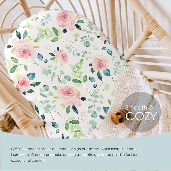 - Ultra Soft & 4-way Stretch: Made of extra soft stretchy jersey knit fabric. Grssder bassinet sheet offers a breathable, sweat-absorbent tee shirt like feel for exceptional comfort, providing your little ones a safe and comfy sleeping environment.
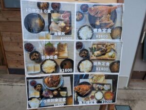 焼魚定食1400円、まご茶漬けセットが1500円など、海の幸をふんだんに使ったランチがリーズナブルな価格で並びます。
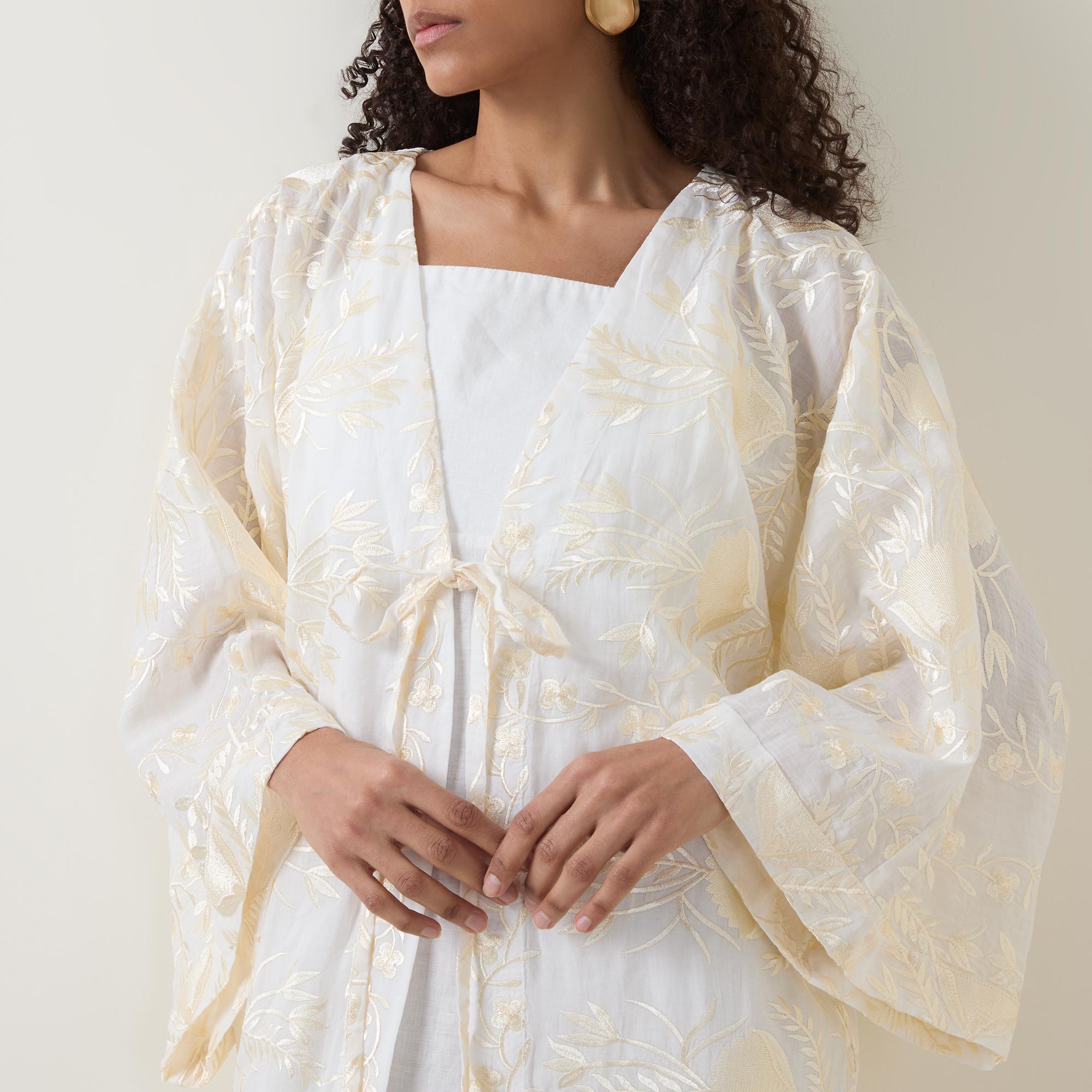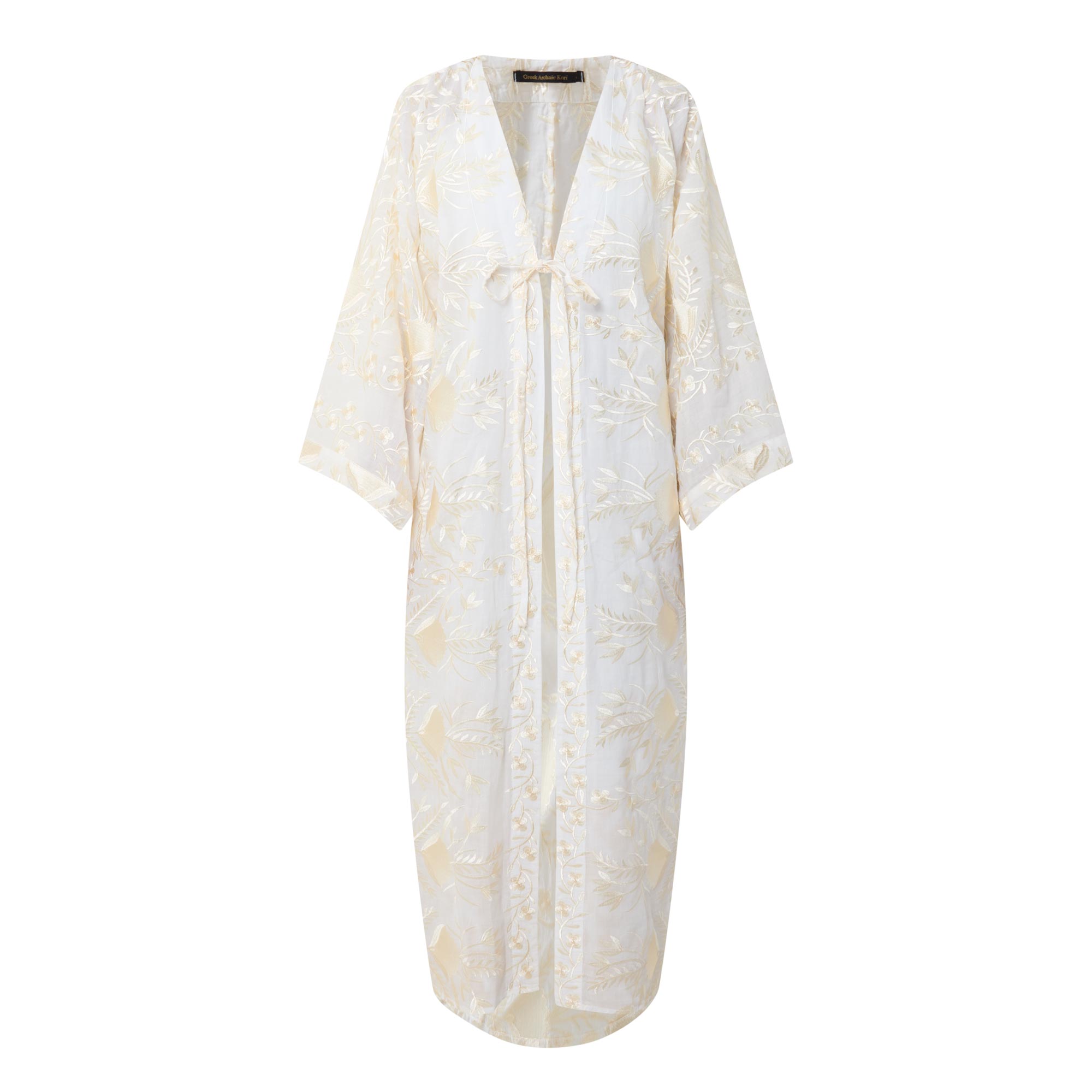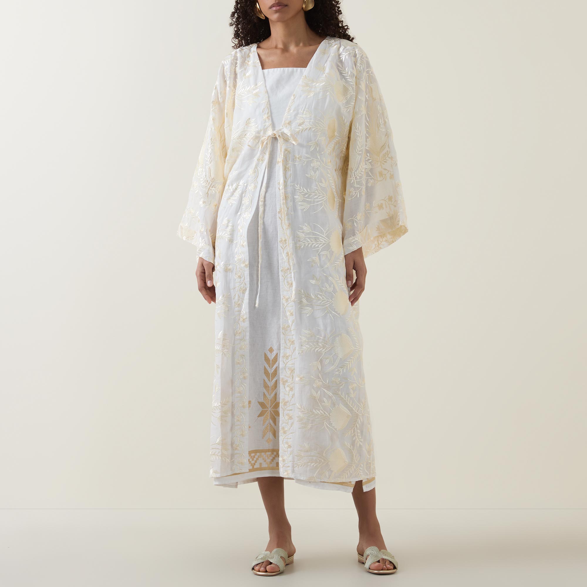 - V-neckline, dropped shoulders, wide kimono sleeves, front tie fastening, straight hem, intricate embroidered detailing, longline design
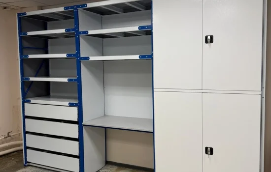 Рабочее место, встроенное в стеллажный комплекс, обеспечивает удобство работы с инструментами. Все необходимое находится под рукой, что снижает нагрузку на спину и повышает производительность труда.
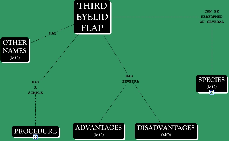 This Concept Map, created with IHMC CmapTools, has information related to: THIRD EYELID FLAP, THIRD EYELID FLAP HAS SEVERAL ADVANTAGES (MO), THIRD EYELID FLAP HAS SEVERAL DISADVANTAGES (MO), THIRD EYELID FLAP CAN BE PERFORMED ON SEVERAL SPECIES (MO), THIRD EYELID FLAP HAS OTHER NAMES (MO), THIRD EYELID FLAP HAS A SIMPLE PROCEDURE
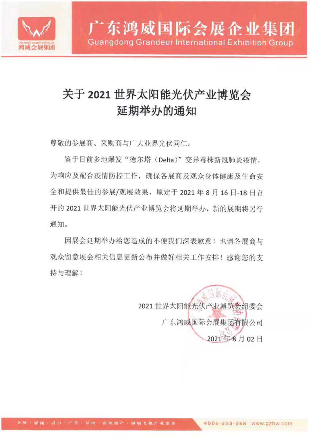 重要通知 | 2021世界太阳能光伏产业博览会将延期举办
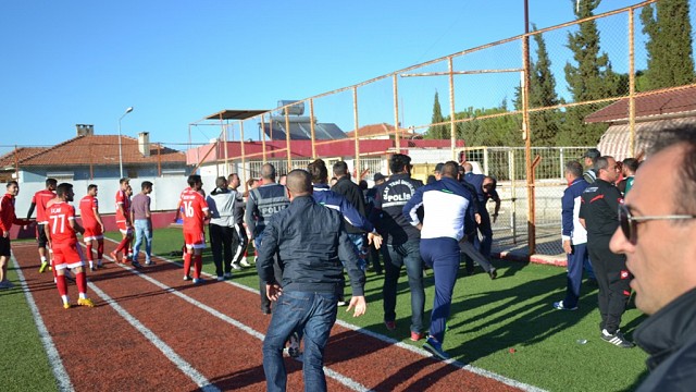 Balıkesir’in Ayvalık ilçesinde, Bölgesel Amatör Lig 9. Grup'ta mücadele eden Ayvalıkgücü Beleidyespor saha ve seyircisi önünde İzmir’in Bornova Yeşilovaspor takımıyla karşılaştı. 0-0 berabere biten mücadele sonrasında soyunma odasına giderken iki takım oyuncuları arasında sözle başlayan tartışma arbedeye dönüştü. Bornova Yeşilovasporlu iki oyuncunun Ayvalıkgücü Belediyesporlu futbolculara saldırmasıyla her iki takımın oyuncuları tekme-tokat birbirine girdi. Ayvalık İlçe Emniyet Müdürlüğü bünyesindeki kalabalık ekibin müdahalesiyle güçlükle ayrılan oyuncuların ardından, bu kez Bornova Yelşilovaspor taraftarı sahadaki bulunan kırmızı-beyazlı takımın oyuncu, teknik kadrosunu taş yağmuruna tuttu. Bunu gören Ayvalıkgücü Belediyespor taraftarı da müdahale etmek isteyince Bornova Yeşilova Spor taraftarı kırmızı-beyazlı tribünlere de taş yağdırdı. Karşılaşmayı izleyen Ayvalık Kaymakamı Gökhan Görgülüaslan’ın yanı sıra Ayvalık Belediye Başkanı Rahmi Gençer, İlçe Emniyet Müdürü Fikret Bakır, İlçe Jandarma Komutanı Özay Dörttepe ve İlçe Gençlik Hizmetleri Spor Müdürü Cem Hamzaoğlu’nun da telkinleriyle kavga yatıştırılmaya çalışıldı. Arbede Bornova Yeşilovasporlu taraftarın polis tarafından tribünlerden uzaklaştırılmasıyla sona erdi. (İHA)

▶ [EXERCISE INSTRUCTIONS] The reply must match the records exactly, apart from the pictures, which are left out.

▶ [RESPONSE BELOW]
 - Ultra Soft & 4-way Stretch: Made of extra soft stretchy jersey knit fabric. Grssder bassinet sheet offers a breathable, sweat-absorbent tee shirt like feel for exceptional comfort, providing your little ones a safe and comfy sleeping environment.
 焼魚定食1400円、まご茶漬けセットが1500円など、海の幸をふんだんに使ったランチがリーズナブルな価格で並びます。
 - V-neckline, dropped shoulders, wide kimono sleeves, front tie fastening, straight hem, intricate embroidered detailing, longline design
 Рабочее место, встроенное в стеллажный комплекс, обеспечивает удобство работы с инструментами. Все необходимое находится под рукой, что снижает нагрузку на спину и повышает производительность труда.
 This Concept Map, created with IHMC CmapTools, has information related to: THIRD EYELID FLAP, THIRD EYELID FLAP HAS SEVERAL ADVANTAGES (MO), THIRD EYELID FLAP HAS SEVERAL DISADVANTAGES (MO), THIRD EYELID FLAP CAN BE PERFORMED ON SEVERAL SPECIES (MO), THIRD EYELID FLAP HAS OTHER NAMES (MO), THIRD EYELID FLAP HAS A SIMPLE PROCEDURE
 重要通知 | 2021世界太阳能光伏产业博览会将延期举办
 Balıkesir’in Ayvalık ilçesinde, Bölgesel Amatör Lig 9. Grup'ta mücadele eden Ayvalıkgücü Beleidyespor saha ve seyircisi önünde İzmir’in Bornova Yeşilovaspor takımıyla karşılaştı. 0-0 berabere biten mücadele sonrasında soyunma odasına giderken iki takım oyuncuları arasında sözle başlayan tartışma arbedeye dönüştü. Bornova Yeşilovasporlu iki oyuncunun Ayvalıkgücü Belediyesporlu futbolculara saldırmasıyla her iki takımın oyuncuları tekme-tokat birbirine girdi. Ayvalık İlçe Emniyet Müdürlüğü bünyesindeki kalabalık ekibin müdahalesiyle güçlükle ayrılan oyuncuların ardından, bu kez Bornova Yelşilovaspor taraftarı sahadaki bulunan kırmızı-beyazlı takımın oyuncu, teknik kadrosunu taş yağmuruna tuttu. Bunu gören Ayvalıkgücü Belediyespor taraftarı da müdahale etmek isteyince Bornova Yeşilova Spor taraftarı kırmızı-beyazlı tribünlere de taş yağdırdı. Karşılaşmayı izleyen Ayvalık Kaymakamı Gökhan Görgülüaslan’ın yanı sıra Ayvalık Belediye Başkanı Rahmi Gençer, İlçe Emniyet Müdürü Fikret Bakır, İlçe Jandarma Komutanı Özay Dörttepe ve İlçe Gençlik Hizmetleri Spor Müdürü Cem Hamzaoğlu’nun da telkinleriyle kavga yatıştırılmaya çalışıldı. Arbede Bornova Yeşilovasporlu taraftarın polis tarafından tribünlerden uzaklaştırılmasıyla sona erdi. (İHA)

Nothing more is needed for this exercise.